(GIVEN DATA begins)

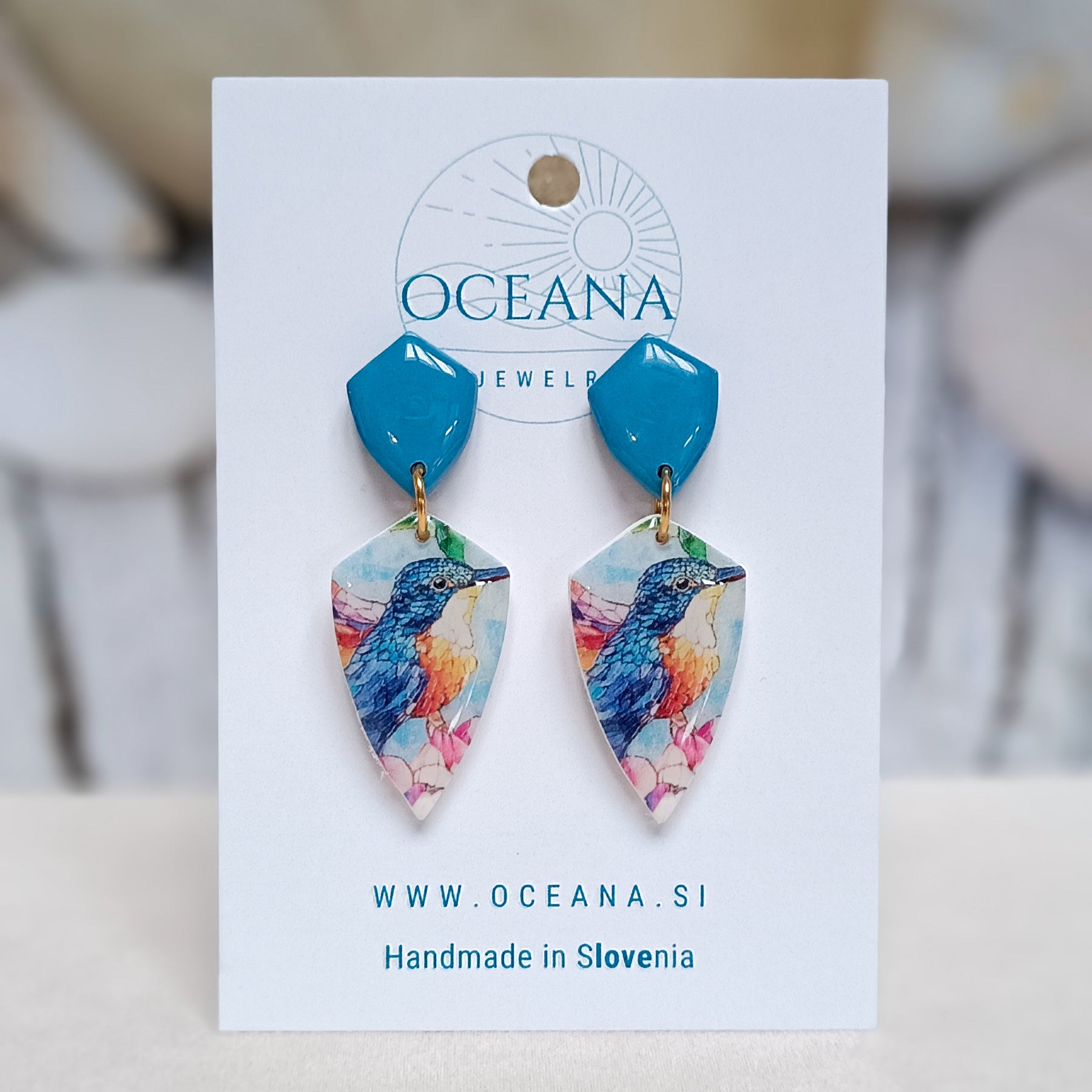 Ročno izdelani uhani iz polimerne gline, ki so prekriti z epoksi smolo za dodaten sijaj in zaščito, navdinjeni so z lepoto vitraža. Vsak kos ujame svetlobo na svoj način - kot majhno okence barv in duše. Zatič je iz kirurškega jekla za udobje. ž
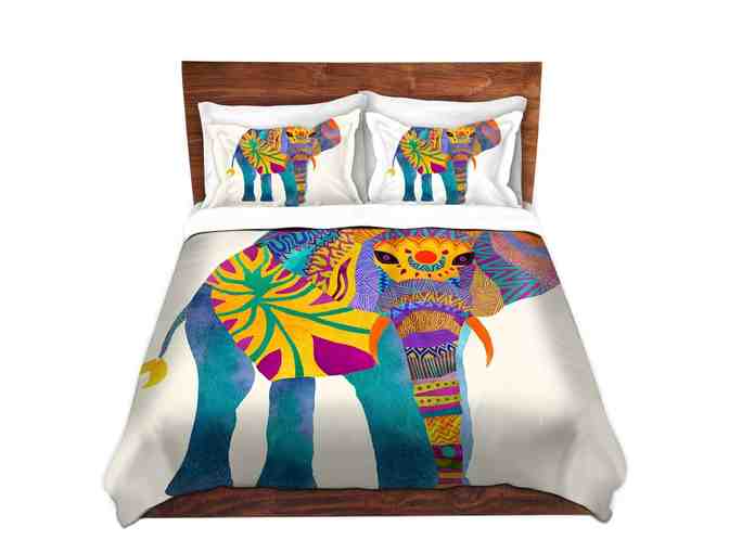 Make your favourite animal the focal point of your bedroom with this vibrant and colourful elephant (Pom Graphics Design). This duvet cover, called "Whimsical Elephant I" is from DiaNoche Designs and is of the highest quality. It is a classic medium weight twill (cotton/poly blend) with a printed top, ivory coloured underside and a smooth look and feel. It has a hidden zip closure with lace ties in each corner to hold the duvet securely inside. Wash upon arrival for maximum softness. Dye sublimation printing adheres the ink to the material for long life and durability. Made in the USA.
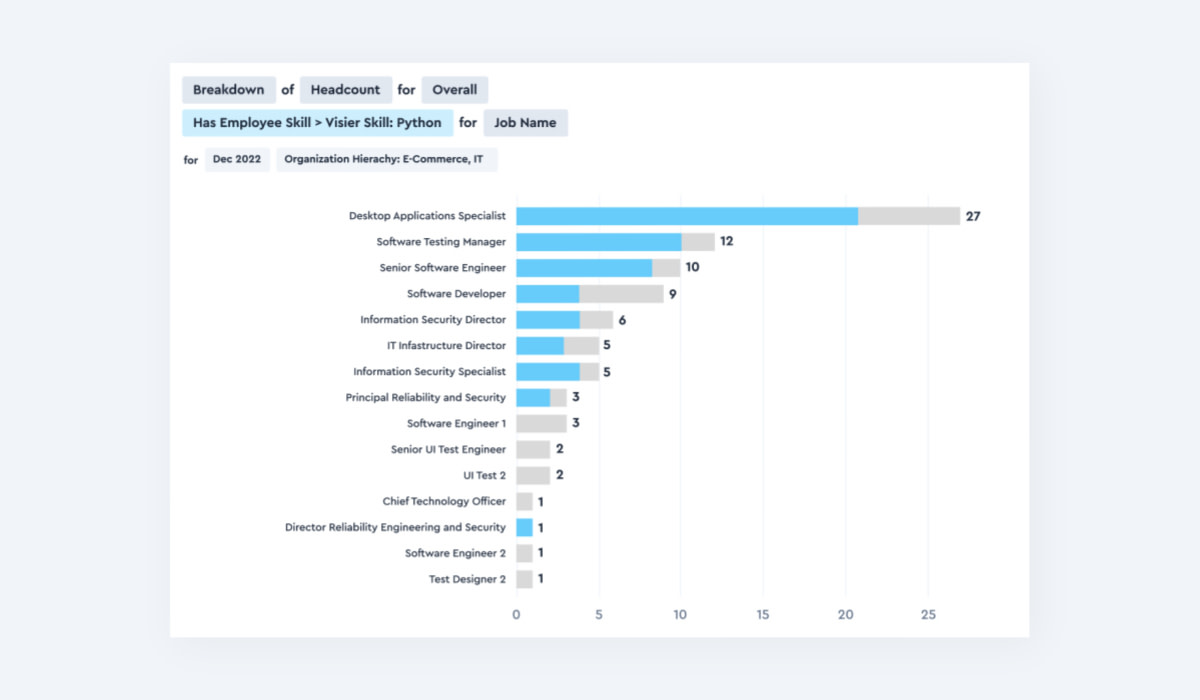 Visier People Skills Intelligence Engine provides an advanced jobs and skills ontology with over 3,000 occupations (for employees and requisitions), 15M+ job titles, 14,000+ standardized skills, across 27 industries and 27 different languages. It also provides insights into the automatability and remote workability of skills, so you can make better decisions about recruiting, retention, compensation, and remote work.
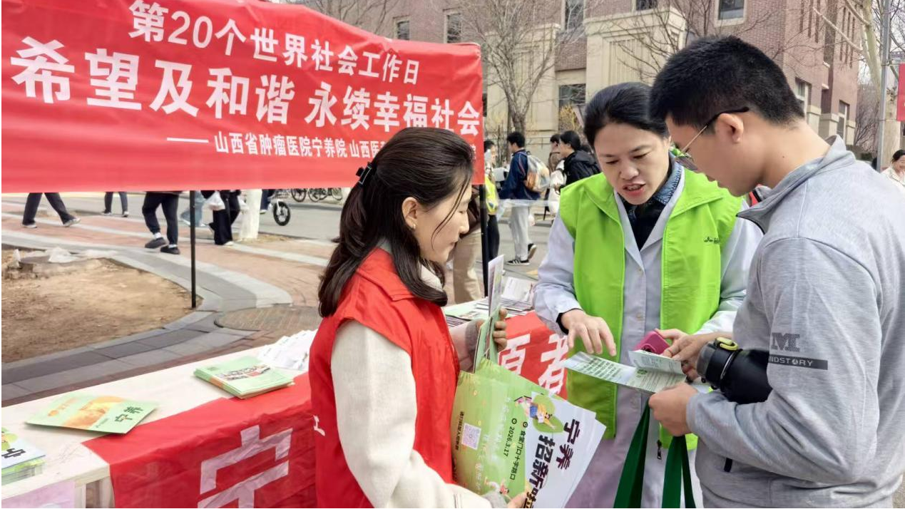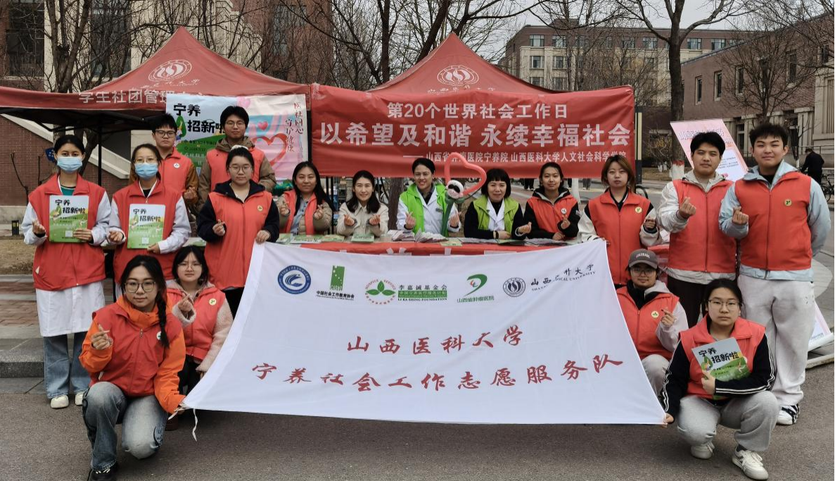 3月17日,正值第20个国际社工日,我校宁养志愿服务队开展了社工日宣传暨年度队员招募活动。山西省肿瘤医院宁养院主任刘冰新、侯蓉老师,人文社会科学学院副书记韩瑜及分团委负责人田璐敏和宁养队20名志愿者参加活动。

(GIVEN DATA ends)

Every line from the start of the listing above through the line with "Make your favourite" should be repeated exactly; skip the pictures and add nothing else.

 Ročno izdelani uhani iz polimerne gline, ki so prekriti z epoksi smolo za dodaten sijaj in zaščito, navdinjeni so z lepoto vitraža. Vsak kos ujame svetlobo na svoj način - kot majhno okence barv in duše. Zatič je iz kirurškega jekla za udobje. ž
 Make your favourite animal the focal point of your bedroom with this vibrant and colourful elephant (Pom Graphics Design). This duvet cover, called "Whimsical Elephant I" is from DiaNoche Designs and is of the highest quality. It is a classic medium weight twill (cotton/poly blend) with a printed top, ivory coloured underside and a smooth look and feel. It has a hidden zip closure with lace ties in each corner to hold the duvet securely inside. Wash upon arrival for maximum softness. Dye sublimation printing adheres the ink to the material for long life and durability. Made in the USA.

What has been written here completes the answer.